*** DATA EXCERPTS

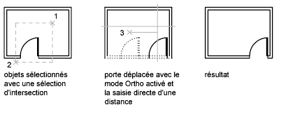 Voici un exemple pratique de déplacement d'une porte sur un mur. Dans cette illustration, la porte se trouve entièrement dans la sélection de capture, alors que les lignes représentant la cloison ne sont que partiellement comprise dans la zone de sélection de capture.
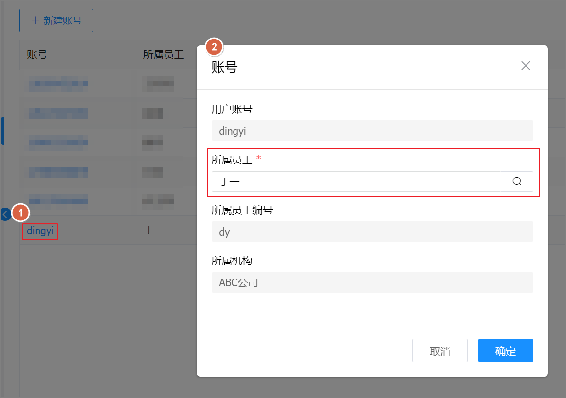 在账号列表中,单击账号,可以修改账号的所属员工。
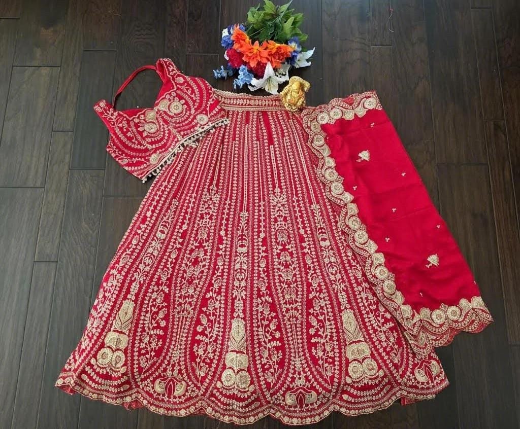 Red Bridal Embroidered Lehenga Set • Heavy Wedding Lehenga Choli with Dupatta • Red Gold Zari Work Indian Bridal Outfit • Festive Partywear Ghagra Choli
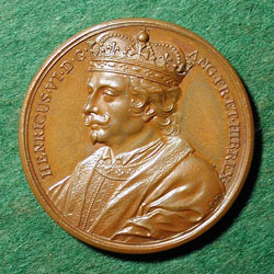 Henry VI (1421-1471), King of England (1422-1461, 1470-1471) succeeded his father Henry V in 1422, and on the death of his maternal grandfather, the French King Charles VI, he was proclaimed King of France in accordance with the terms of a treaty made after Henry V’s French victories. Henry lost most of his French territories later in his reign. In 1445 Henry married Margaret of Anjou, a niece of the French queen. Henry had a period of insanity from 1453-1454, during which Richard, Duke of York was Lord Protector, but Richard’s hopes of ultimately succeeding Henry were shattered by the birth of Edward, Prince of Wales. In 1455 Richard defeated Henry’s forces at St. Albans, the first battle in the Wars of the Roses between the houses of Lancaster and York. Although Richard was killed at the Battle of Wakefield in 1460, Henry was deposed in 1461 by the Yorkists, who proclaimed Edward IV as king. Henry went into exile in Scotland but returned in 1464 to once again lead the Lancastrians, though in defeat. Imprisoned between 1465 and 1470, he was restored to the throne in 1470 by Richard Neville, Duke of Warwick. The death of Prince Edward in the battle of Tewkesbury, however, sealed Henry’s fate, and he was murdered in the Tower of London soon afterwards. (taken, in part, from Thompson and O’Brien). |
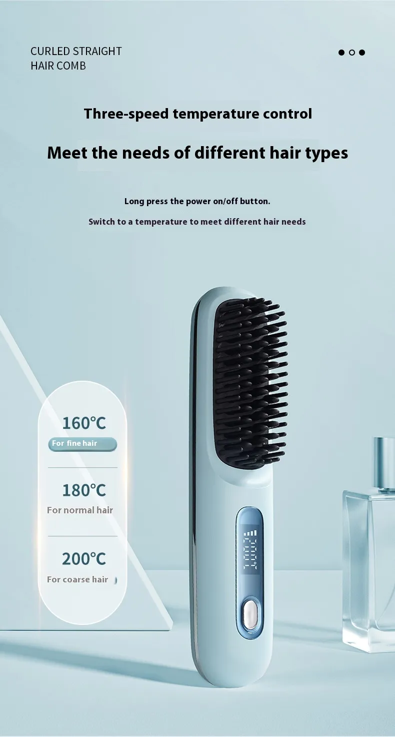 Rechargeable Ceramic Heating Electric Comb Hair Straightener Portable
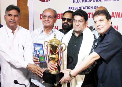 In an impressive function held here, today, International & National Awardee and Managing Director of Dr. Ambedkar Group of Convent Schools, Gian Chand Dogra, presented the Dr. Ambedkar National Award-2017 to Balbir Ram Rattan, in presence of Dr. Ashwani Jojra, national president, Sehyog India, J&K, Ravinder Kumar Pandita, Managing Director, J&K, SC, ST, BC, Development Corporation and Chetna Dogra, Principal, Dr. Ambedkar Convent School, Rajpura, Jammu. He was presented a memento, a shawl and a certificate as a token of honour and respect.
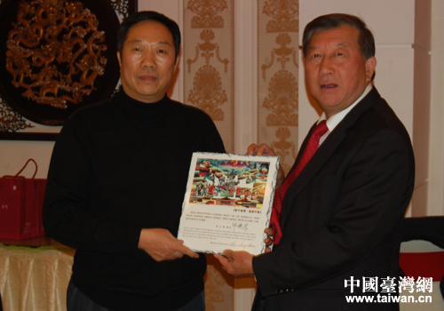 互贈(zèng)禮品。(圖片來(lái)源:鄭州市臺(tái)辦)
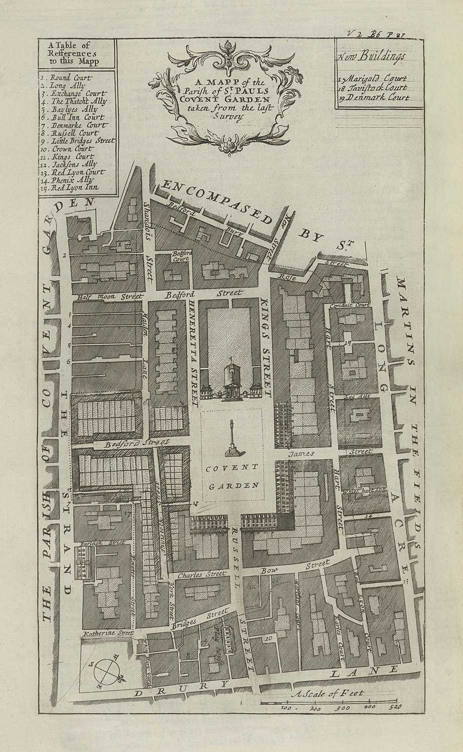 Este mapa de encuesta se centra principalmente en la Parroquia de St Pauls Covent Garden, donde puedes ver Kings Street así como Drury Lane en la parte inferior del mapa. Conocido hoy por sus tiendas, restaurantes, teatros y hogar de La Ópera Real y El Ballet Real, es una de las áreas más concurridas de Londres. En el siglo XVIII, la plaza o “piazza”, era donde todo, desde cafeterías hasta artistas callejeros y vendedores, sería prominente.
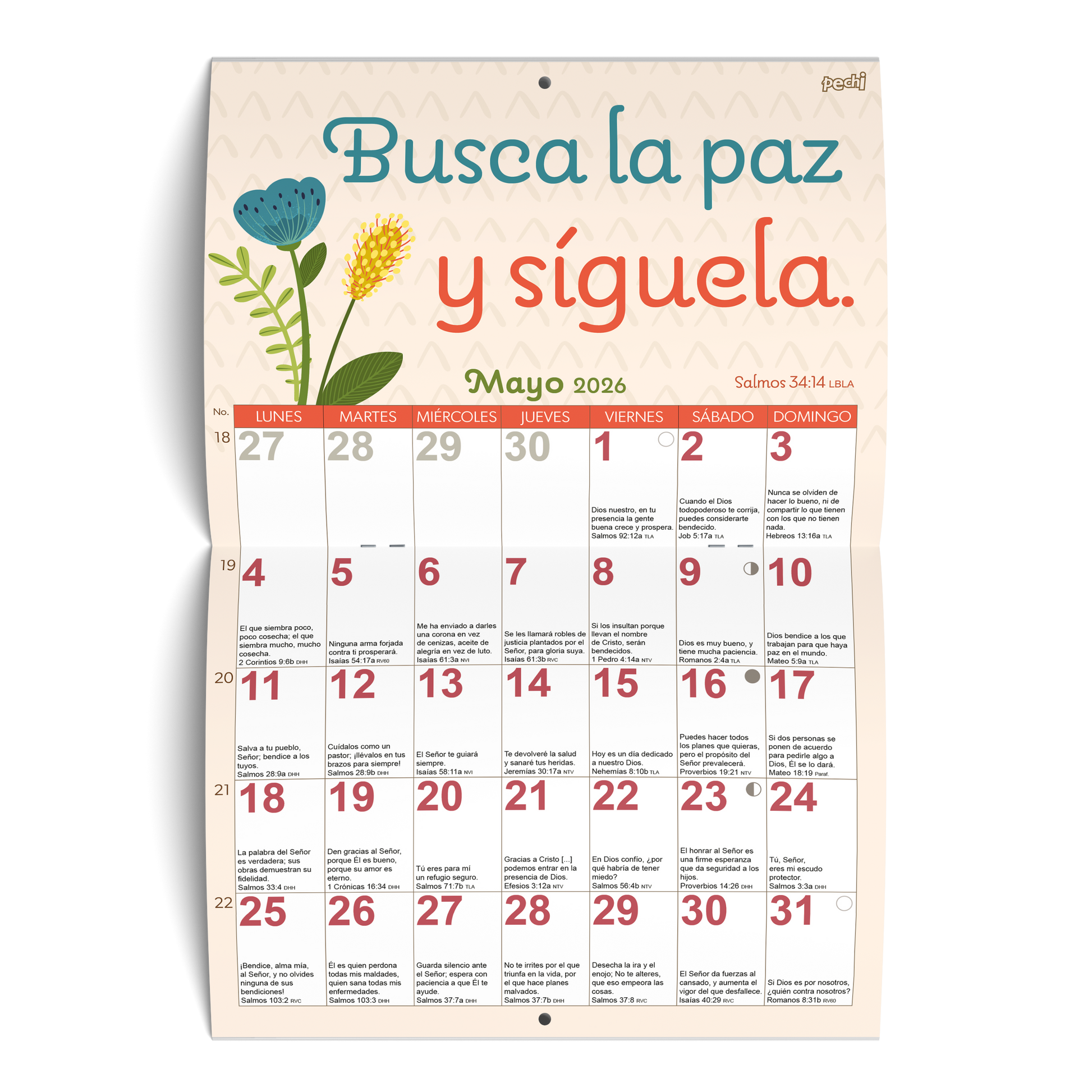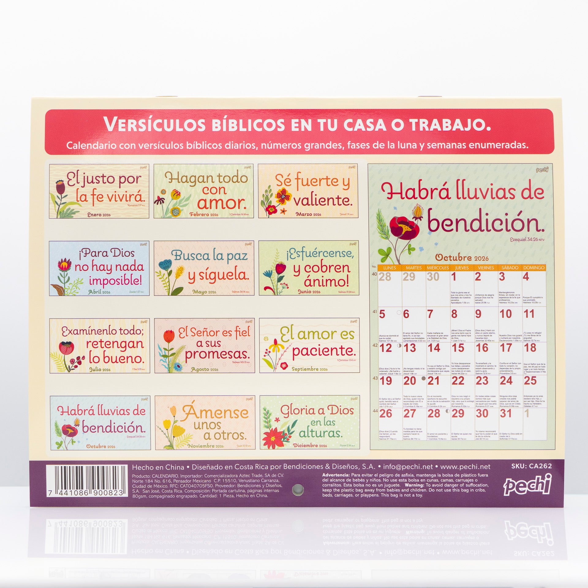 Nuestro Calendario Bendiciones está lleno de colores vibrantes, fondos florales y versĂculos diarios que traen ánimo, paz y guĂa a tu vida.
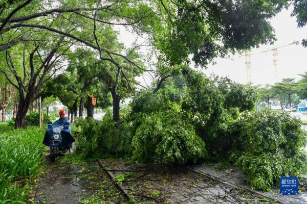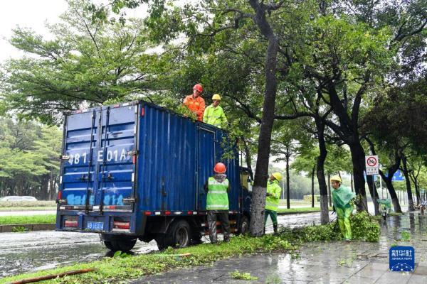 9月2日,在廣東深圳主干道深南大道邊,綠化工人冒雨清理樹(shù)枝。
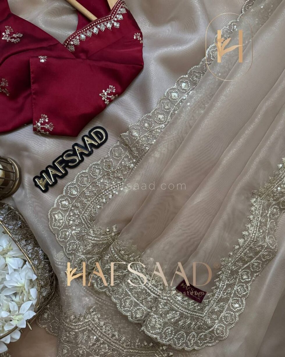 Presenting an exclusive designer creation from Nice Creation, Design No. NC – 5441. This stunning saree is crafted from Heavy Soft Nylon Organza, offering a graceful drape. It features intricate sequins and Zari embroidery work throughout, creating a dazzling effect. The ensemble is completed with a matching blouse in Soft Satin, adorned with coordinating Zari and sequins embroidery. This exquisite and radiant saree is available for ₹4,698.00, perfect for making a statement.

******

[WORK ORDER]
Omit the pictures, then give every record back exactly as it stands.

[OUTPUT FOR THIS TASK]
 Voici un exemple pratique de déplacement d'une porte sur un mur. Dans cette illustration, la porte se trouve entièrement dans la sélection de capture, alors que les lignes représentant la cloison ne sont que partiellement comprise dans la zone de sélection de capture.
 在账号列表中,单击账号,可以修改账号的所属员工。
 Red Bridal Embroidered Lehenga Set • Heavy Wedding Lehenga Choli with Dupatta • Red Gold Zari Work Indian Bridal Outfit • Festive Partywear Ghagra Choli
 Henry VI (1421-1471), King of England (1422-1461, 1470-1471) succeeded his father Henry V in 1422, and on the death of his maternal grandfather, the French King Charles VI, he was proclaimed King of France in accordance with the terms of a treaty made after Henry V’s French victories. Henry lost most of his French territories later in his reign. In 1445 Henry married Margaret of Anjou, a niece of the French queen. Henry had a period of insanity from 1453-1454, during which Richard, Duke of York was Lord Protector, but Richard’s hopes of ultimately succeeding Henry were shattered by the birth of Edward, Prince of Wales. In 1455 Richard defeated Henry’s forces at St. Albans, the first battle in the Wars of the Roses between the houses of Lancaster and York. Although Richard was killed at the Battle of Wakefield in 1460, Henry was deposed in 1461 by the Yorkists, who proclaimed Edward IV as king. Henry went into exile in Scotland but returned in 1464 to once again lead the Lancastrians, though in defeat. Imprisoned between 1465 and 1470, he was restored to the throne in 1470 by Richard Neville, Duke of Warwick. The death of Prince Edward in the battle of Tewkesbury, however, sealed Henry’s fate, and he was murdered in the Tower of London soon afterwards. (taken, in part, from Thompson and O’Brien). |
 Rechargeable Ceramic Heating Electric Comb Hair Straightener Portable
 In an impressive function held here, today, International & National Awardee and Managing Director of Dr. Ambedkar Group of Convent Schools, Gian Chand Dogra, presented the Dr. Ambedkar National Award-2017 to Balbir Ram Rattan, in presence of Dr. Ashwani Jojra, national president, Sehyog India, J&K, Ravinder Kumar Pandita, Managing Director, J&K, SC, ST, BC, Development Corporation and Chetna Dogra, Principal, Dr. Ambedkar Convent School, Rajpura, Jammu. He was presented a memento, a shawl and a certificate as a token of honour and respect.
 互贈(zèng)禮品。(圖片來(lái)源:鄭州市臺(tái)辦)
 Este mapa de encuesta se centra principalmente en la Parroquia de St Pauls Covent Garden, donde puedes ver Kings Street así como Drury Lane en la parte inferior del mapa. Conocido hoy por sus tiendas, restaurantes, teatros y hogar de La Ópera Real y El Ballet Real, es una de las áreas más concurridas de Londres. En el siglo XVIII, la plaza o “piazza”, era donde todo, desde cafeterías hasta artistas callejeros y vendedores, sería prominente.
 Nuestro Calendario Bendiciones está lleno de colores vibrantes, fondos florales y versĂculos diarios que traen ánimo, paz y guĂa a tu vida.
 9月2日,在廣東深圳主干道深南大道邊,綠化工人冒雨清理樹(shù)枝。
 Presenting an exclusive designer creation from Nice Creation, Design No. NC – 5441. This stunning saree is crafted from Heavy Soft Nylon Organza, offering a graceful drape. It features intricate sequins and Zari embroidery work throughout, creating a dazzling effect. The ensemble is completed with a matching blouse in Soft Satin, adorned with coordinating Zari and sequins embroidery. This exquisite and radiant saree is available for ₹4,698.00, perfect for making a statement.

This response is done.